● PROBLEM STATEMENT
Leave every image behind and restate the data word for word.

[Dataset records]
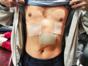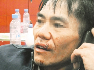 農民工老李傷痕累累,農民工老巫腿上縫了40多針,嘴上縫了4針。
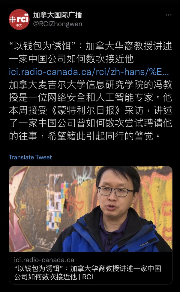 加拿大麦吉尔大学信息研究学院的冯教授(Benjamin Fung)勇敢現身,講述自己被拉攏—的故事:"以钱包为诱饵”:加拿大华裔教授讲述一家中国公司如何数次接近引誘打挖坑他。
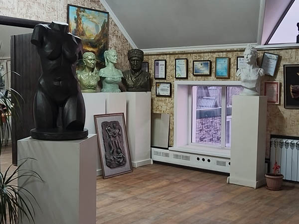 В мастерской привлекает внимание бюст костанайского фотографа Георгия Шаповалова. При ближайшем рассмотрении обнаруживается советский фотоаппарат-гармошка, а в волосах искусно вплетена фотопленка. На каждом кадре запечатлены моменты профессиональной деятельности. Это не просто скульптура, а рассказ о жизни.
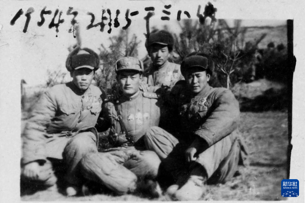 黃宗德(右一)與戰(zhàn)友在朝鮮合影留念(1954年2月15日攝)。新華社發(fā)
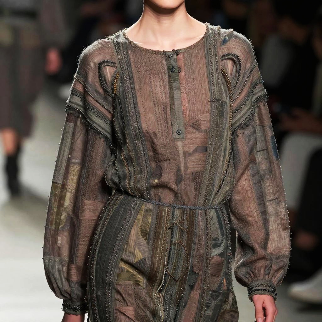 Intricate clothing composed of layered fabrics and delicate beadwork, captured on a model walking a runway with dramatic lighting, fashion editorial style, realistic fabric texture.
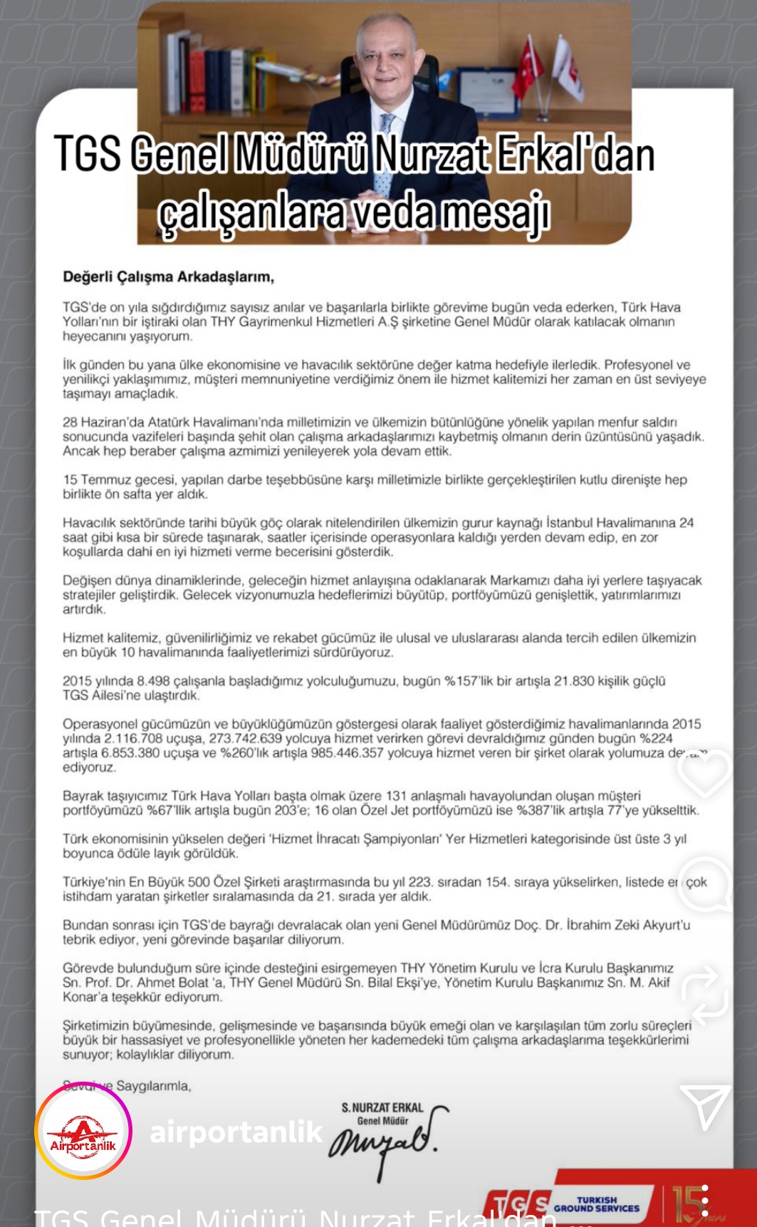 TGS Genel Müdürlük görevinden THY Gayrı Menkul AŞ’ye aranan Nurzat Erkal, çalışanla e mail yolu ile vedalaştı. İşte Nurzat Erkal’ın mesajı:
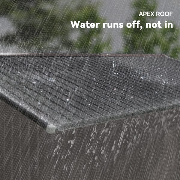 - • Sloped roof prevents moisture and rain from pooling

● ANSWER BOX
 農民工老李傷痕累累,農民工老巫腿上縫了40多針,嘴上縫了4針。
 加拿大麦吉尔大学信息研究学院的冯教授(Benjamin Fung)勇敢現身,講述自己被拉攏—的故事:"以钱包为诱饵”:加拿大华裔教授讲述一家中国公司如何数次接近引誘打挖坑他。
 В мастерской привлекает внимание бюст костанайского фотографа Георгия Шаповалова. При ближайшем рассмотрении обнаруживается советский фотоаппарат-гармошка, а в волосах искусно вплетена фотопленка. На каждом кадре запечатлены моменты профессиональной деятельности. Это не просто скульптура, а рассказ о жизни.
 黃宗德(右一)與戰(zhàn)友在朝鮮合影留念(1954年2月15日攝)。新華社發(fā)
 Intricate clothing composed of layered fabrics and delicate beadwork, captured on a model walking a runway with dramatic lighting, fashion editorial style, realistic fabric texture.
 TGS Genel Müdürlük görevinden THY Gayrı Menkul AŞ’ye aranan Nurzat Erkal, çalışanla e mail yolu ile vedalaştı. İşte Nurzat Erkal’ın mesajı:
 - • Sloped roof prevents moisture and rain from pooling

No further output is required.